Hair has never been a top priority for me. It was never a big deal for me to snip, cut, curl, braid, weave, bump or trim my hair. It’s hair. It’ll grow back. No big deal. I’ve seriously done it all (well except for a texturizer and locs). But there was one hair style I’ve always wanted to try but too afraid to do: go bald, Amber Rose style.
It never occurred to me that all my hair changes had anything to do with my lifestyle. Really, why do I change my hair so often? And why do I make a drastic change whenever I go through something? New man? New do. Job change? New do. Vacation? New do. Frustration with life? New do. It’s like I take out all of my emotions through my hair.
I am not my hair
I am not this skin
I am not your expectations no no
I am not my hair
I ma not this skin
I am a soul that lives within
Thanks to my tweep Mademoiselle Mitchell’s post about her big chop and a FB friend, I finally decided that this was the final step in my hair journey. I’ve been toying with the idea of chopping it all the way off since the beginning of the year. Each time, I ended up settling for a hairstyle that had less permanent results.

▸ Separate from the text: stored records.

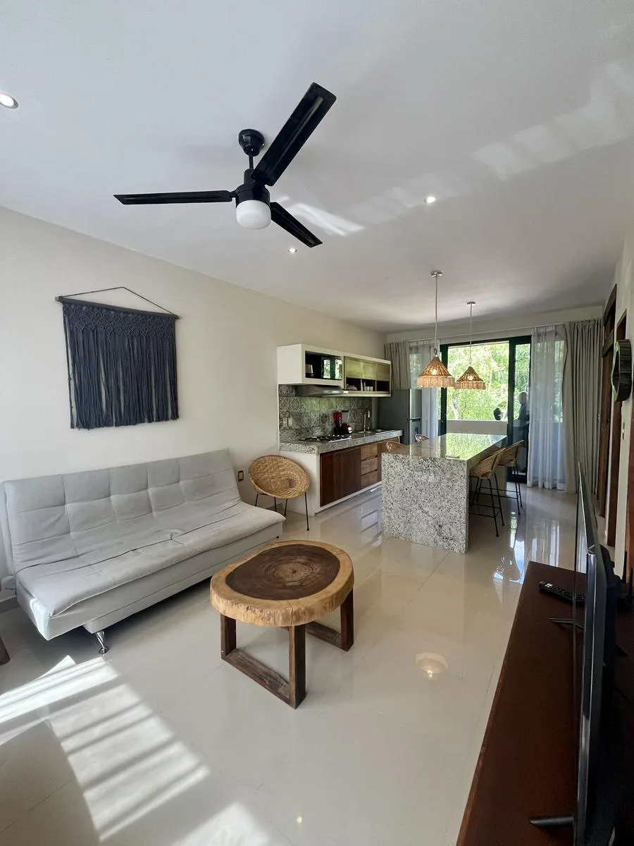 The apartment features one bedroom, one full bathroom, a spacious living room, an integrated dining area, a modern kitchen, and a laundry area. It encompasses 55. 50 square meters and includes high-quality finishes, air conditioning, and considerate details. The unit is fully equipped and furnished, ready for occupancy. Its design emphasizes ecological integration with the surrounding jungle, promoting sustainable living.
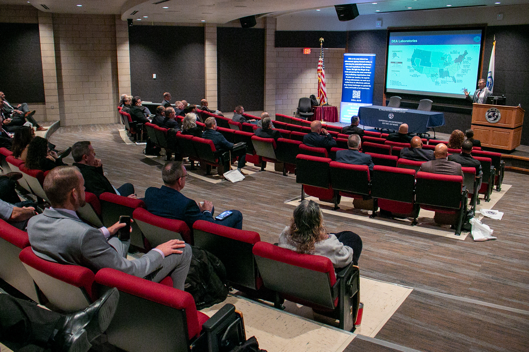 David Love, DEA Associate Deputy Assistant Administrator, speaks to representatives of local and state law enforcement agencies about the work of DEA Laboratories and Forensic Sciences.
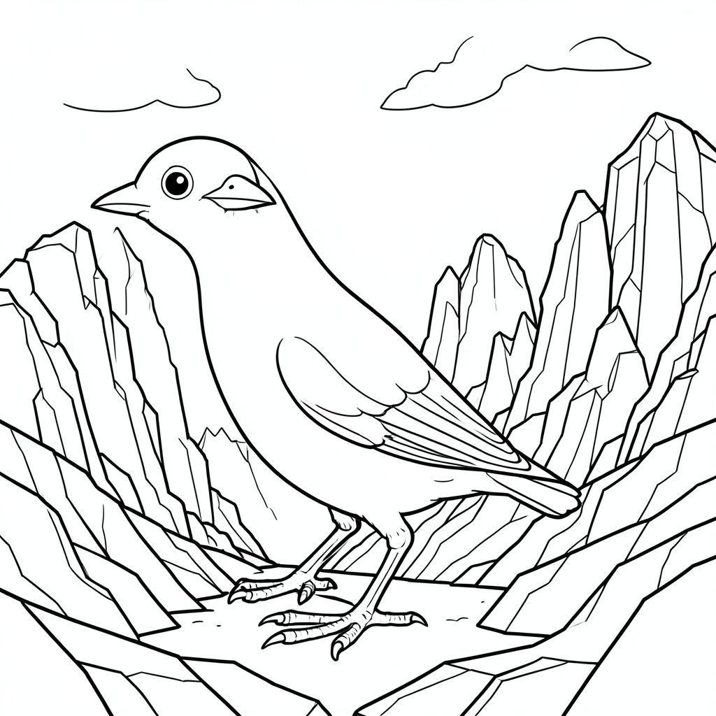 solo, một con chim, một đầu, hai mắt, một mỏ, hai cánh, hai chân, một đuôi, tỷ lệ tự nhiên, quy mô thích hợp trong môi trường, đúng giải phẫu, chim, núi đá vôi, đỉnh đá vôi, đỉnh răng cưa, cấu trúc thẳng đứng, địa hình đá, phong cảnh hoang vắng, bầu trời u ám, hình dạng đứt gãy, hình dạng hình học, tương phản rõ rệt, trang màu, nghệ thuật đường, nền trắng, solo, chủ đề đơn, đúng giải phẫu, giải phẫu hoàn hảo
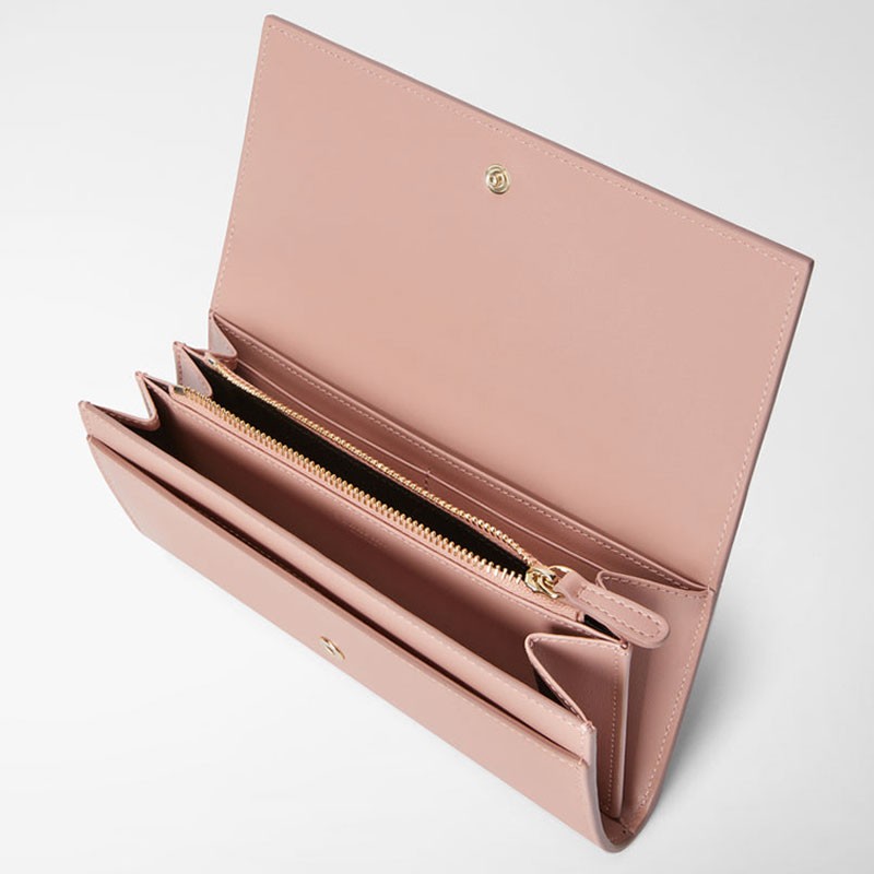 Exterior: front flap with snap fastening. One pocket under front flap. Interior: two compartments and a separate central zipped pocket. Six card slots in each compartment, plus one pocket. Palladium finish hardware.
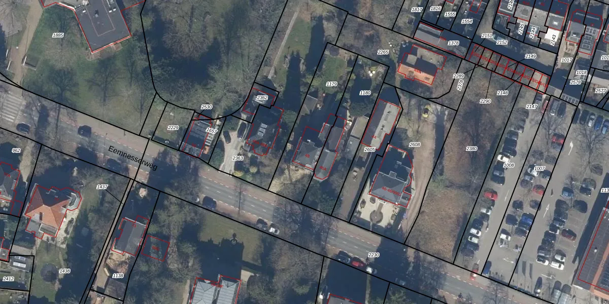 Het perceel waarop Eemnesserweg 48 staat heeft een oppervlakte van 616 m². Dit is een groot perceel. De perceeloppervlakte wordt geregistreerd door het Kadaster. Gedetailleerde informatie over de maten van dit perceel kunt u vinden in het rapport Kadastrale kaart met maatvoering van Eemnesserweg 48.

Good hair means curls and waves
Bad hair means you look like a slave
At the turn of the century
Its time for us to redefine who we be
Everyone keeps telling me I’m so brave but why? What’s so hard about cutting your hair off? It’ll grow back. I feel extremely liberated knowing that I Am Not My Hair (India Arie). It made me realize how our images of ourselves have become distorted based on our hair. We give it so much power over our identity. I must admit, I was pretty scared. I’ve never had it that low before and for a brief moment, I wondered whether men would find me attractive. Surprisingly, the men dug it. So do men care half as much about our hair as we do? If not, why do we torture ourselves with believing hair makes us beautiful? Which leads me to believe that our issues with hair have nothing to do with men but with our own insecurities. I’m more confident now because I chopped it all off.
Does the way I wear my hair make me a better person?
Does the way I wear my hair make me a better friend? Oooh
Does the way I wear my hair determine my integrity?
I am expressing my creativity..
Cutting my hair this low has been the best hair decision I’ve made thus far. Whether my hair is long, short, relaxed, braided, wavy or straight, my hair will never define who I am inside.